[Task brief]
From the entries below, reproduce exactly the line containing "В квартире уютная", the line containing "3 Piece Un-Stitched", and every line in between, with nothing added.

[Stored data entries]
- Opening Delimiter -
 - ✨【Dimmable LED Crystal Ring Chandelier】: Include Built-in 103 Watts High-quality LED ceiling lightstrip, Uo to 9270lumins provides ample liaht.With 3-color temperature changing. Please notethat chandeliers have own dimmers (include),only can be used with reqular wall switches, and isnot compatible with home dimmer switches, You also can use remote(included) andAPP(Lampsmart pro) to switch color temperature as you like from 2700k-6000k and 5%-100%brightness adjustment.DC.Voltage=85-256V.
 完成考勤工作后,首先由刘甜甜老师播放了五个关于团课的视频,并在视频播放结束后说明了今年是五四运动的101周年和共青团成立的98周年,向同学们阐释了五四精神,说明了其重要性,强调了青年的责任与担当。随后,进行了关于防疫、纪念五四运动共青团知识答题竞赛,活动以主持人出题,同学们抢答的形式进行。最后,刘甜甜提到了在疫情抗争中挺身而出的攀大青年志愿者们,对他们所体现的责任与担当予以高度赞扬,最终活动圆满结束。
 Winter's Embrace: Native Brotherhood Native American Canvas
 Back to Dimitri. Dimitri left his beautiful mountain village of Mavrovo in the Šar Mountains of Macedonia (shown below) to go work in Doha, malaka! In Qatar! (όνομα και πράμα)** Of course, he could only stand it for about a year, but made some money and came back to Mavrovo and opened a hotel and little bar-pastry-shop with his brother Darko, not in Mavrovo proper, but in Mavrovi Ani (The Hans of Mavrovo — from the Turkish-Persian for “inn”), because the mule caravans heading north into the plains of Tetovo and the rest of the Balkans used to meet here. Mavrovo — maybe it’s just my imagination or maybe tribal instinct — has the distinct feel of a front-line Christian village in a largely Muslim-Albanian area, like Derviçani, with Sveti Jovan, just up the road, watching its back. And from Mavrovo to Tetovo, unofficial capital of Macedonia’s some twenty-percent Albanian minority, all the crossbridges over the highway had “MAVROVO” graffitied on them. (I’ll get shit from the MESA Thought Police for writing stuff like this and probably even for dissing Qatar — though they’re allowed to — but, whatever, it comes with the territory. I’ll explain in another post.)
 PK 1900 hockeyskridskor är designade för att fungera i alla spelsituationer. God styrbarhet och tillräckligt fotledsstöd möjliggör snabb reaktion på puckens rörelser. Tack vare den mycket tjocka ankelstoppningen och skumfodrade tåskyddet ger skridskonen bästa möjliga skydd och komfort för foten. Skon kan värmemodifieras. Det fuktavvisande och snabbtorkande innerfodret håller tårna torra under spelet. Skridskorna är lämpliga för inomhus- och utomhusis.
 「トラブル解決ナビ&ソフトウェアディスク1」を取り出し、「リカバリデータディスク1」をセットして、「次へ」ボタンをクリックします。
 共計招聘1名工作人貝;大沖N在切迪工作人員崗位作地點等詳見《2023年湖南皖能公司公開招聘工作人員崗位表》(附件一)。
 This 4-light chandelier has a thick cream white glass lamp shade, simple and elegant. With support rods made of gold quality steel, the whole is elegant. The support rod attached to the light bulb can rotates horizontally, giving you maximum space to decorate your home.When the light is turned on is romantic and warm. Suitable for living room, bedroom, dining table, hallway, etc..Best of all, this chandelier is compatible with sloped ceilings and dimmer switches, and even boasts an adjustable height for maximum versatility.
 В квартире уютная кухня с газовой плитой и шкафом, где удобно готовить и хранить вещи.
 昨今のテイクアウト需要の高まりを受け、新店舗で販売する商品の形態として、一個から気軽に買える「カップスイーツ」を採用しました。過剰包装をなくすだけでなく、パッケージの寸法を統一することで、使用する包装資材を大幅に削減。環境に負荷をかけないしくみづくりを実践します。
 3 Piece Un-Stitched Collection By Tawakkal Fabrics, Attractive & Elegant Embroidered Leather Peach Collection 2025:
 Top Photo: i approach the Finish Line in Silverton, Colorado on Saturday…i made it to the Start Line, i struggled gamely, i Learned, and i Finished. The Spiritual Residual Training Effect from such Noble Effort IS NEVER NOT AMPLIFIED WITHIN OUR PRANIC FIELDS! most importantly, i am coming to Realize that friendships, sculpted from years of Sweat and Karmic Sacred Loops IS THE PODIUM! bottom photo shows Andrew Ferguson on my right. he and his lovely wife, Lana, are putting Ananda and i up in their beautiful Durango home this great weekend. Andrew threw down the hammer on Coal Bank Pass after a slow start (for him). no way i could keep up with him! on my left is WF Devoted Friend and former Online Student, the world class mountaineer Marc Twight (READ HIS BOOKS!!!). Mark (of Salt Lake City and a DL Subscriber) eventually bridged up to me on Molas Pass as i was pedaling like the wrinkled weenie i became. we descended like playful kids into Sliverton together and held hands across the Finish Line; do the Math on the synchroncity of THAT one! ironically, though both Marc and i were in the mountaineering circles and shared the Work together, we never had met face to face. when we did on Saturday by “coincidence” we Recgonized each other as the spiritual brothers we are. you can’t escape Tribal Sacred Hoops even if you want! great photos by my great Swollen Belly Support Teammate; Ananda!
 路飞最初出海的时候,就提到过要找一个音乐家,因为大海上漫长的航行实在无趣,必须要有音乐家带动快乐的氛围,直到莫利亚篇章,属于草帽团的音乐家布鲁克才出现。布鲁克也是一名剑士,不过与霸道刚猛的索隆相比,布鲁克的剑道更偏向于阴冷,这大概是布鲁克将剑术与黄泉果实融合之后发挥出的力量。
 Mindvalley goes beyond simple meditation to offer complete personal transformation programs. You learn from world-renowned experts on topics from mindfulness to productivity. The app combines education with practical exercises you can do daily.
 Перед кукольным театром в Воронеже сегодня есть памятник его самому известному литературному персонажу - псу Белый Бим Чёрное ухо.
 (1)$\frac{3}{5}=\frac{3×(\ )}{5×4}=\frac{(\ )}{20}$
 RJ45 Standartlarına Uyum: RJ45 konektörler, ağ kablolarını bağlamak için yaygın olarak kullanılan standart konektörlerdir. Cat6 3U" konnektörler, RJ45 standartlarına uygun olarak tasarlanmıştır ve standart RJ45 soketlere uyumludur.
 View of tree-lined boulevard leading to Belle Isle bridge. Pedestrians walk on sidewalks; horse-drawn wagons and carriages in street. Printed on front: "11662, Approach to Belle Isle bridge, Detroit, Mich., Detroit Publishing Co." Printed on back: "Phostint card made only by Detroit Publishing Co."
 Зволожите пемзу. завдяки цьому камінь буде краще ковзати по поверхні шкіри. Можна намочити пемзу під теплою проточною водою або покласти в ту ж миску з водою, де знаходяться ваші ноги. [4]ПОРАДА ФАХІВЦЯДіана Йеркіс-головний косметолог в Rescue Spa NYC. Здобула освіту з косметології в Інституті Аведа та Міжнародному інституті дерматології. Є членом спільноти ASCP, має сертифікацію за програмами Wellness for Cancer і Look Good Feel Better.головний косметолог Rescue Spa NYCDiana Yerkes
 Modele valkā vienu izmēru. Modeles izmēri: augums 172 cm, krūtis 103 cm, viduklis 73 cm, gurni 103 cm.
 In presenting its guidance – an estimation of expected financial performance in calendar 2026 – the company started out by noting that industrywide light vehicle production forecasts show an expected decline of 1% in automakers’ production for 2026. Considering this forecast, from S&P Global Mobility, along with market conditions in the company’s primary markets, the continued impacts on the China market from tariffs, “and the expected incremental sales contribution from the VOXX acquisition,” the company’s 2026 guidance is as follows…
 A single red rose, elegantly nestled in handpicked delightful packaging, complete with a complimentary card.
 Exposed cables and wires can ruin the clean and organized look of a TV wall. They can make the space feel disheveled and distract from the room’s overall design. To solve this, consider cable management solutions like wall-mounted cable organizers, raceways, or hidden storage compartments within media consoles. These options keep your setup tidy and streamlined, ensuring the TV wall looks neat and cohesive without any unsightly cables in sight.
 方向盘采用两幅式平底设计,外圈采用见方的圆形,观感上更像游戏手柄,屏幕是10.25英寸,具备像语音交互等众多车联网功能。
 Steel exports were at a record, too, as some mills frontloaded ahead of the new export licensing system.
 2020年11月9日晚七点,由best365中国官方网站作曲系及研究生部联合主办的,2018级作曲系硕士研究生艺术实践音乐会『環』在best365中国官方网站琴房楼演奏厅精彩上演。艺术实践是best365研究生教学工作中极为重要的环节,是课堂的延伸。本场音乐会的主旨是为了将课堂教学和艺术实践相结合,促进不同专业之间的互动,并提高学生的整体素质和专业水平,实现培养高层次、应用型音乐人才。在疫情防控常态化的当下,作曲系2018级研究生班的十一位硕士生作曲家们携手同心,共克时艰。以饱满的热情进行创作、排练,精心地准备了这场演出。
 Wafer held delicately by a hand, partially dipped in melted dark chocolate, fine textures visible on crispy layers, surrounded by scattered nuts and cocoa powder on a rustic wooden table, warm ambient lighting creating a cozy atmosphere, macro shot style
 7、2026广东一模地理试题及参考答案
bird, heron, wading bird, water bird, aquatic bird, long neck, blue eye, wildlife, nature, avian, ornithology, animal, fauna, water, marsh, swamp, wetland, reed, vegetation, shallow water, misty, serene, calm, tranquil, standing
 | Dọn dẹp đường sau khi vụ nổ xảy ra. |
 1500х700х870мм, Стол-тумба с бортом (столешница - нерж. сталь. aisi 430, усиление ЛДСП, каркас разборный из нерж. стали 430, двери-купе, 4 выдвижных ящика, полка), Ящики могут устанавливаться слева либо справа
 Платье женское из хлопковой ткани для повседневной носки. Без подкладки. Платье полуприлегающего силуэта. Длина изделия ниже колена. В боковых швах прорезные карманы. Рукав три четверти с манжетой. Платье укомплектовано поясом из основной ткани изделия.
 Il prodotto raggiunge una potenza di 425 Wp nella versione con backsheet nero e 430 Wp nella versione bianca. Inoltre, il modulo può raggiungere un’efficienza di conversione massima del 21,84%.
- Closing Delimiter -
[Task answer]
 В квартире уютная кухня с газовой плитой и шкафом, где удобно готовить и хранить вещи.
 昨今のテイクアウト需要の高まりを受け、新店舗で販売する商品の形態として、一個から気軽に買える「カップスイーツ」を採用しました。過剰包装をなくすだけでなく、パッケージの寸法を統一することで、使用する包装資材を大幅に削減。環境に負荷をかけないしくみづくりを実践します。
 3 Piece Un-Stitched Collection By Tawakkal Fabrics, Attractive & Elegant Embroidered Leather Peach Collection 2025:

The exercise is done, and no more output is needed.